Barry Sonnenfeld directed the season and also executive produced. Besides starring, Cecily Strong served as producer, and Ken Daurio served as consulting producer and writer. Andrew Singer also executive produces with Lorne Michaels on behalf of Broadway Video. The musical numbers were choreographed by Christopher Gattelli. In addition to Paul and Daurio, Allison Silverman, Julie Klausner, Kate Gersten and Bowen Yang were writers on the show. The first season was written in the summer of 2019. The season consisted of six episodes, although it was originally planned to be eight episodes. Bo Welch serves as the series' production designer. Filming for season 1 began in Vancouver on October 13, 2020, and concluded on December 10, taking place during the COVID-19 pandemic.
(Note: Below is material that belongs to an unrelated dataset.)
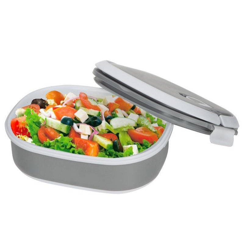 Материалы — пластик и термопластичная резина, безопасные для контакта с пищей и рассчитанные на длительное использование. Ланч-бокс плотно закрывается, что помогает избежать проливаний, однако не является полностью герметичным — идеально для твёрдых и густых блюд.

Logo for the second season of Schmigadoon!

The series' second season consists of six episodes, with all of the main cast returning except for Armisen and Quiring-Nkindi; Tituss Burgess and Patrick Page joined the cast. Alice Mathias and Robert Luketic directed. By June 2022 filming of season 2 had begun, and it was completed in July 2022. The second season writers included Paul, Josh Lieb, Jonathan Tolins, Raina Morris and Klausner.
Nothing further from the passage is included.